Vertical integration oversight to ramp up next year

President Joe Biden’s pledge to crack down on anticompetitive consolidation has set the stage for stricter oversight of vertical integration across the healthcare industry.

The Biden administration has vowed to stop proposed mergers that would stunt competition, in part, by increasing the Federal Trade Commission’s and the Justice Department’s budgets, adjusting the standards for permissible mergers, barring the use of non-compete clauses and bolstering retrospective merger analyses. Breaking up the healthcare conglomerates and limiting proposed anticompetitive vertical mergers will be a key part of regulators’ oversight strategy, merger and acquisition experts said.

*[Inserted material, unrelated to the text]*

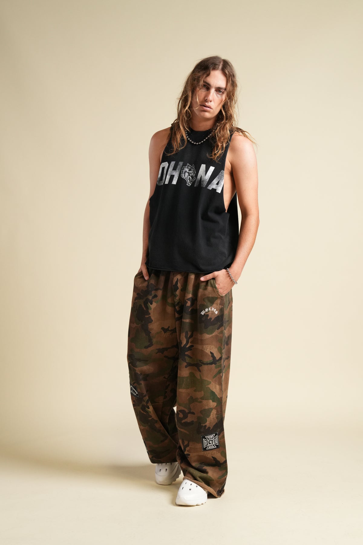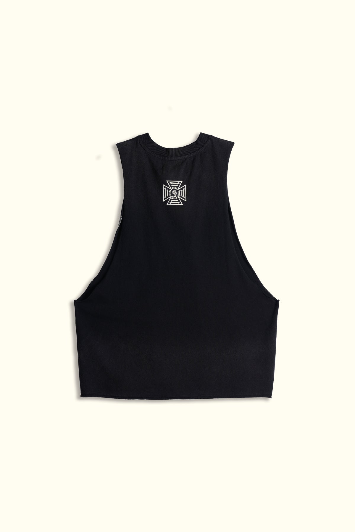 Ohana Wolf "Grunge" Raw Cropped Tommy Muscle Tee in Black Drift Wash

“They are moving in the right direction,” said Glenn Melnick, a health economist at the University of Southern California, noting the FTC’s data gathering regarding hospital acquisitions of physician practices. “What I don’t know is what authority they have. A lot of these deals are structured to stay below the Hart-Scott-Rodino threshold, so we are likely going to need new legislation—who knows there.”

The FTC has asked several of the major insurers for data on hospital acquisition of physicians. It is also reworking its vertical merger guidelines, which are expected to bolster an enforcement area where regulators have historically had limited success.

Companies, like UnitedHealthcare Group, have turned into healthcare conglomerates as they acquire more physicians, delve into hospital operations and control more entities across the continuum of care. Insurers, for instance, have merged with pharmacies and pharmacy benefit managers, which have been forming their own group purchasing organizations. As these conglomerates grow, transparency often wanes, industry observers said.

PBMs have increased their profit as they join insurers and pharmacies. Gross profit from PBM-owned mail order and specialty pharmacies grew to $10.1 billion in 2019, up 13% from $8.9 billion in 2017, according to PBM Accountability Project’s analysis of financial records, government reports, studies and surveys.

“That’s a reflection of vertical integration,” said Mark Blum, executive director of America’s Agenda.

Some argue that vertical integration can boost quality and lower healthcare costs through improved economies of scale. Others claim that large, integrated healthcare companies can stave off competitors, which can increase costs and lower quality.

“There certainly is increasing concern about vertical integration,” said Katherine Hempstead, a senior policy adviser at the Robert Wood Johnson Foundation, noting the increasing incursion of health plans into the provision of care. “You have to look at the downsides of having a small number of vertically integrated companies and what the does to competition.”

But it is always harder to unwind deals after they have been completed. Even if some of the regulatory guidelines are bolstered, it will still be a hard area to enforce, M&A experts said.

When the government challenges a horizontal merger, like when hospitals combine, it uses standards like the Herfindahl-Hirschman Index to gauge market concentration and estimate the competitive consequences. But there isn’t clear-cut methodology that applies to vertical transactions, which means that most mergers are challenged on a horizontal basis. Generally, vertical integration is assumed to be pro-competitive.

“(The Herfindahl-Hirschman Index) gives the courts something tangible to grasp onto; vertical case law doesn’t have anything like that,” said Katherine Funk, an antitrust attorney at Baker Donelson. “I can’t imagine how they ever will.”

When it comes to hospital consolidation, volume has slowed over the past two years amidst the COVID-19 pandemic.

Hospital transaction volume was expected to pick up in 2021, but quarterly deals remained slow through the third quarter. Fewer deals involved small-and mid-sized hospitals while multibillion-dollar proposals collapsed in 2021 amid more regulatory scrutiny and “scale-as-a-solution” skepticism.

“We’re not done seeing mergers unwind,” said Michael Abrams, managing partner of healthcare consultancy of Numerof & Associates. “Marriages are still being made without proper due diligence under the impression that getting bigger solves their problems. The fact is that more will unwind under the realization that isn’t so.”

Around a dozen proposed mergers between relatively healthy not-for-profit systems haven’t closed over the past three years as doctors have protested and regulators have become increasingly wary of consolidation. Merger and acquisition advisors point to a range of reasons why deals fall apart, including cultural differences, antitrust implications, geographical hurdles, half-baked integration plans, infighting and power struggles.

But still, health system executives will continue to turn to mergers and acquisitions to try to boost revenues and insulate their organizations from competitors, national emergencies and reimbursement shifts, they said.

“A lot consolidation hasn’t really born out born out the cost efficiencies and lived up to its promise in many areas,” said Dr. Harry Greenspun, chief medical officer of the consultancy Guidehouse. “When organizations fumble their way into consolidation and don’t properly integrate, it opens up further scrutiny.”